[Records shown — start]
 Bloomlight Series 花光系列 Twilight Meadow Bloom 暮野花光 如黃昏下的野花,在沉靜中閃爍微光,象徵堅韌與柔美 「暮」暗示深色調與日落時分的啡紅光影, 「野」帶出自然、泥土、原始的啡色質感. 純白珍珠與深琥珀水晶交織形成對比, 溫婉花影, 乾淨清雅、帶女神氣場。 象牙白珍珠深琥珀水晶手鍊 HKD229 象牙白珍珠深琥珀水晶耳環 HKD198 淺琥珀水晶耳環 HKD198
[Records shown — finish]
[Records shown — start]
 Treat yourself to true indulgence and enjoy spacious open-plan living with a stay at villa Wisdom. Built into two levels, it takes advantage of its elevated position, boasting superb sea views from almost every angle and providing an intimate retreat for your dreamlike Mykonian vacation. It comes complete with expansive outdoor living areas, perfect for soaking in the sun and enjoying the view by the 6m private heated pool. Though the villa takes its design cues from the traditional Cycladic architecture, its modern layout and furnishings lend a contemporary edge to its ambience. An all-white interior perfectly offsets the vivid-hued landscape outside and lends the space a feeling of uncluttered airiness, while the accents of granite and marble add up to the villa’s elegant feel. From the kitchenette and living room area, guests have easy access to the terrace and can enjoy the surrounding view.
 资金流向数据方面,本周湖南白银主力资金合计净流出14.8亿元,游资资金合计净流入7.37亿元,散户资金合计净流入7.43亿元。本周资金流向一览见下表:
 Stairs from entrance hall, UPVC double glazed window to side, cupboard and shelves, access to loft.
[Records shown — finish]
[Exercise description]:
Only one stretch of the records above is wanted: the lines between the one holding "资金流向数据方面,本周湖南白" and the one holding "Stairs from entrance", inclusive, reproduced exactly.

[Answer section]:
 资金流向数据方面,本周湖南白银主力资金合计净流出14.8亿元,游资资金合计净流入7.37亿元,散户资金合计净流入7.43亿元。本周资金流向一览见下表:
 Stairs from entrance hall, UPVC double glazed window to side, cupboard and shelves, access to loft.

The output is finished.